The Canadian dollar continues to fall, thanks to recent weakness in oil prices, a rising US dollar and weak Canadian economic data. Last Friday, economic growth figures missed expectations, with month-over-month growth for July coming in at 0%, vs. expectations of 0.1%. Looking at crude oil, prices fell sharply yesterday although WTI remains above $50 for now. Previously in September, the loonie fell following comments from Bank of Canada Governor Poloz suggesting that future interest rate hikes are less certain in the future.
USD/CAD was able to climb above 1.25 yesterday, and is currently trading above 1.2520. The Canadian dollar remains flat against the euro, as both currencies weaken at the same pace. EUR/CAD is currently trading near 1.4680. Finally, the currency is also flat against the pound, with GBP/CAD above 1.660.
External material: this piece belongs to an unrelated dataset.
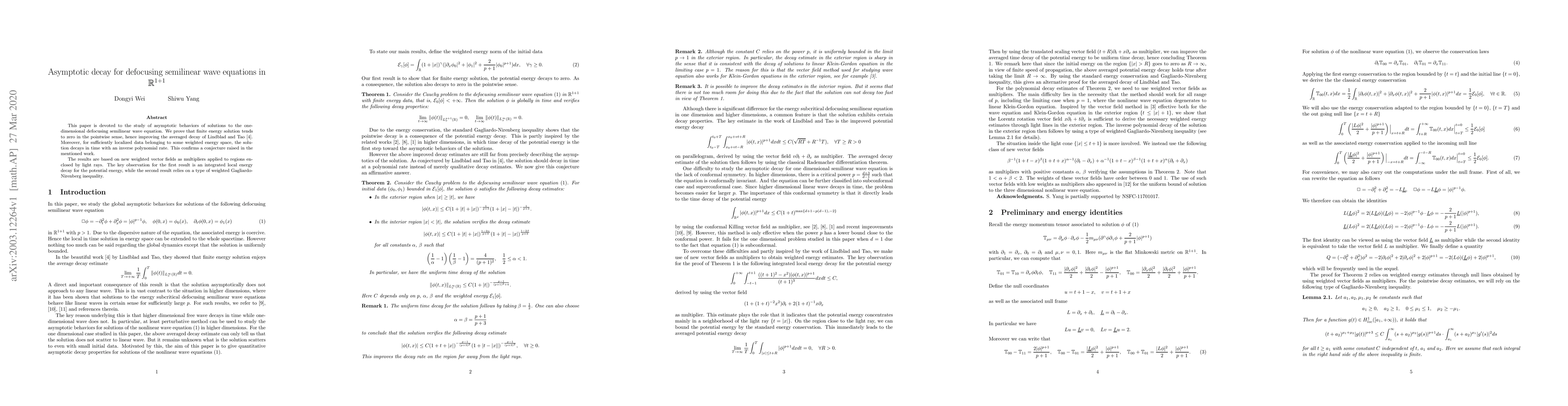This paper investigates the asymptotic decay of solutions to the one-dimensional defocusing semilinear wave equation, proving that finite energy solutions tend to zero over time. It also confirms a conjecture by showing that solutions with sufficiently localized data decay at an inverse polynomial rate, utilizing new weighted vector fields and inequalities.

This week's economic data includes manufacturing PMI data (released yesterday), merchandise trade balances on Thursday and unemployment data on Friday. Manufacturing PMIs released yesterday were stronger than the previous release (55 vs. 54.6 prior). Unemployment data will be watched closely as the market debates the odds of future interest rate hikes by the Bank of Canada.
The loonie has weakened every week in the last three weeks of September. While the currency initially sold off without much of a catalyst, the bout has accelerated in recent weeks thanks to lower interest rate hike expectations following comments from the Bank of Canada. Thus we are downgrading the currency to bearish. While the loonie was in overbought conditions earlier in the month (as per our previous warning), the currency has since re-entered normal trading conditions. This is based on various technical indicators on a weekly chart of the Canadian dollar currency index.